Accordingly, since the VoiceXML can create and maintain a service through web in real time, it is regarded as the core technology of a next generation speech service that can substitute for a dialogue speech service system such as the conventional automatic response service (ARS) and interactive voice response (IVR).
The operation of such speech web service using telephone network is as follows.
First, the user 102-1 connects to a voice gateway 110 through a wire or mobile communication terminal by using a representative phone number. The voiceXML browser 112 of the voice gateway 110 requests the web-server 120 to provide the VoiceXML document.
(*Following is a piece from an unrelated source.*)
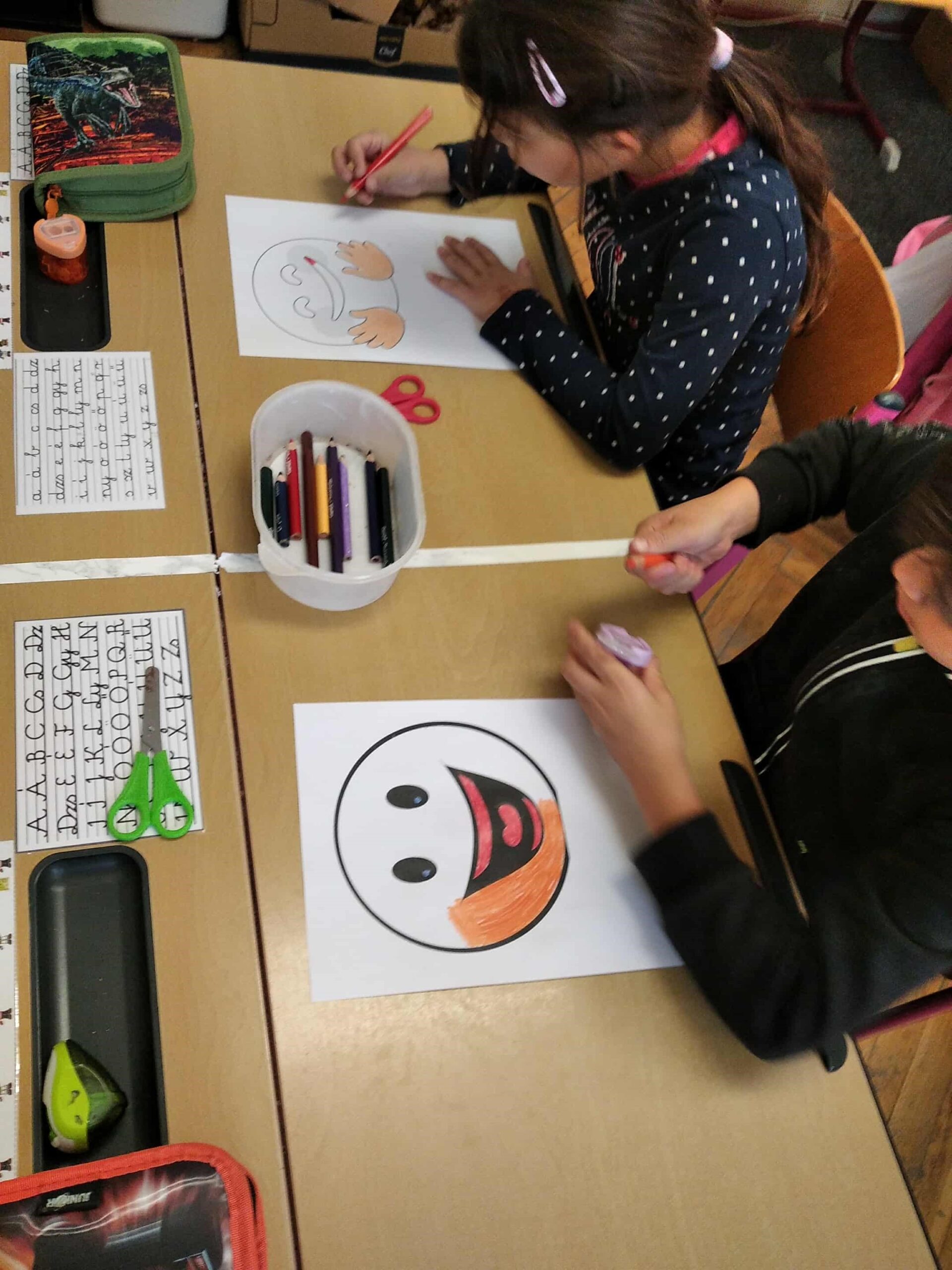 Játékos feladatként pozitív érzelmeket kifejező emojikból tablót készítettünk, ami segítette a gyerekeket abban, hogy felismerjék és kifejezzék érzéseiket. Ezt követően közösen fogalmaztunk meg optimista mondatokat a mindennapi élethelyzetekhez kapcsolódva. A tanulók megértették, hogy a nehézségek nemcsak akadályt, hanem új lehetőséget is jelenthetnek és az előremutató szemlélet sokszor elvezet a megoldáshoz.

The web-server 120 transmits the corresponding VoiceXML document to the voice gateway 110. The VoiceXML browser 112 of the voice gateway 110 interprets and executes the received VoiceXML document, and provides the user 102-1 with the speech output of the executed VoiceXML document through the phone network 104.
In the meanwhile, if the user wants to use various VoiceXML-based speech services provided in various applications (for example, securities, credit cards, distribution, etc.) by means of an Internet browser in a PDA, a smart phone or a personal computer, a predetermined conversion is required. Here, since “using a service by means of the Internet browser” means that an interface as well as a voice in view of property of device, variation of a user interface should be considered in conversion process.
XHTML+Voice was suggested as a markup language to meet such requirements. XHTML+Voice was proposed to develop a multimodal web service in which XHTML-based web service and voiceXML (a subset of VoiceXML 2.0)-based speech service are combined with each other. XHTML+Voice document composition is similar to the conventional XHTML document composition and VoiceXML document composition but the speech-relevant tags are executed in relation with XML event and XHTML+Voice event. Accordingly, if a user wants to use the currently provided VoiceXML-based speech service as a multimodal service by means of an Internet browser of a PDA, a smart phone or a personal computer, the process to convert the conventional VoiceXML document into XHTML+Voice document is required.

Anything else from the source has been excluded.